Terminal output: parity, 7 vs. 8 bits, etc.

Mark Horton mark at cbosgd.UUCP
Sat Mar 24 02:02:54 AEST 1984


With reference to rewriting the tty driver:

The tty driver HAS BEEN rewritten.  USG did it in System III.  Most
people's initial reaction was "My God, I'm going to have to rewrite
all my software because it's incompatible!"  However, in the 3 years
or so since it's been out, people are beginning to appreciate the
orthogonality it presents.  You can control most of the hardware bits
(parity, character size, etc) independently.  (The one thing you can't
do is have different input and output baud rates, but this feature only
seems to be used at places like Stanford for 1200 baud output with 150
baud input - such modems apparently cost less than real 1200 baud modems.)
Of course, none of the wonderful Berkeley features (crterase, ctlecho,
job control, word erase, line retype, etc) are present in the USG driver,
although the echoe bit is a kludged approximation to crterase.

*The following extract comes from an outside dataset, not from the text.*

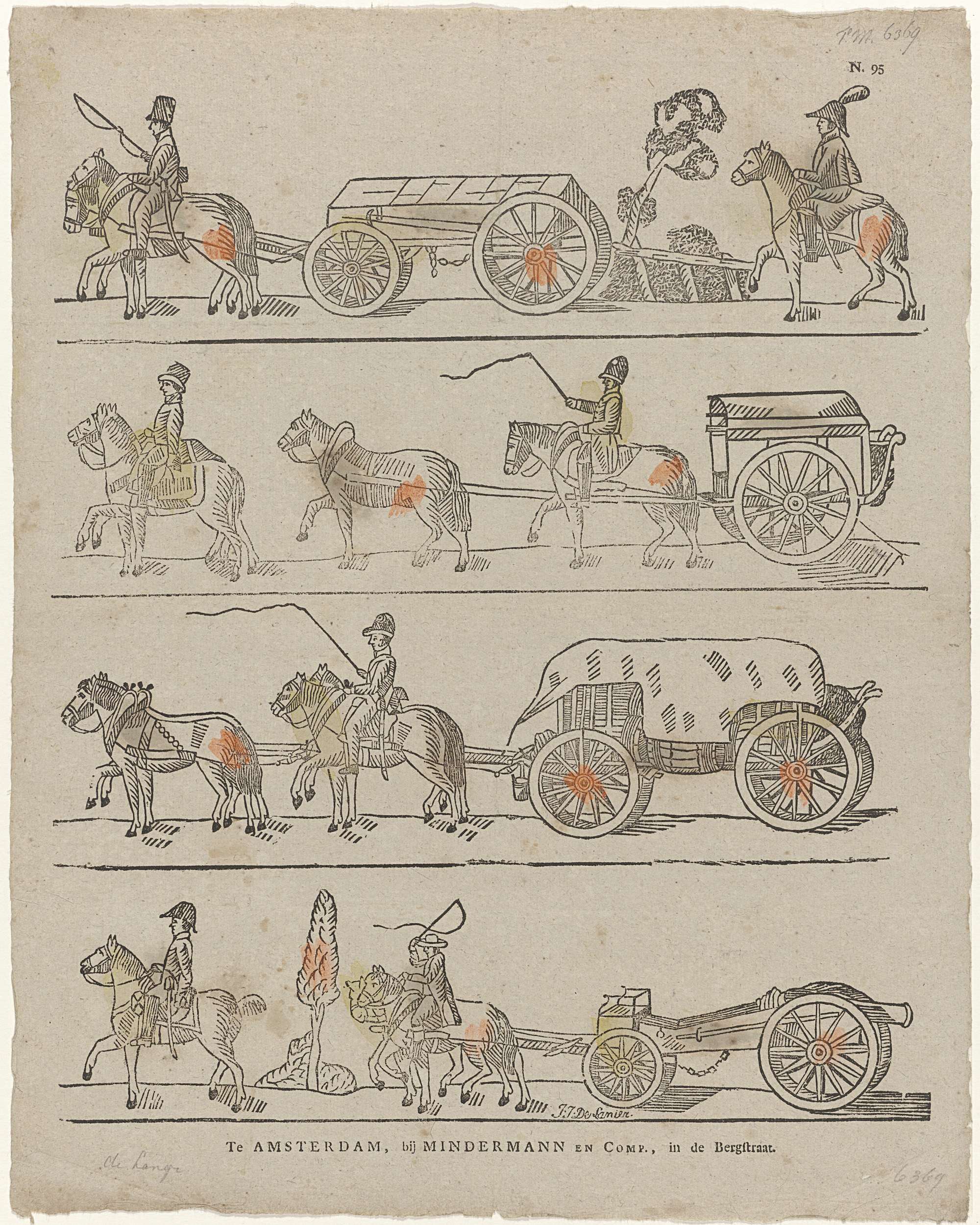 Blad met vier voorstellingen van de onderdelen van een legertrein. Zonder titel of teksten. Genummerd rechtsboven: N. 95. Ca. 1815-1850.

Of course, this dichotomy of tty drivers (USG vs Berkeley) is the single
most frustrating cause of incompatibility between System V and 4BSD.

My general feeling now is that the ideal tty driver would be the USG tty
driver with the Berkeley extensions added.  I think Berkeley feels this
way too.  The reason that 4.2BSD does not have a USG-compatible tty driver
in it is that BERKELEY IS NOT LEGALLY ALLOWED TO DO SO.  You see, 4.2BSD
is based on UNIX/32V, which costs $300 to universities.  System III costs
$3000 to universities, and the improvements from V7 to System III are few
enough and unimportant enough that it just doesn't seem worth it.  If
Berkeley includes anything from System III in 4BSD, they must require that
anyone who gets 4BSD buys the more expensive USG license.  The System III
manual is apparently not in the public domain, either, like the V7 manual is.

This situation is gradually improving.  System V has a more reasonable price
tag on it, and is being aggressively pushed by AT&T as a standard.  The
next 4.nBSD will probably require a System V license.  So the legal problems
are going away.  It might be nice if someone would port the System V tty
driver to 4.2BSD, putting the 4BSD extensions back in, and give it to
Berkeley.  (Some upward compatibility code would be crucial as well.)
I can't speak for Berkeley, but I believe they would be interested.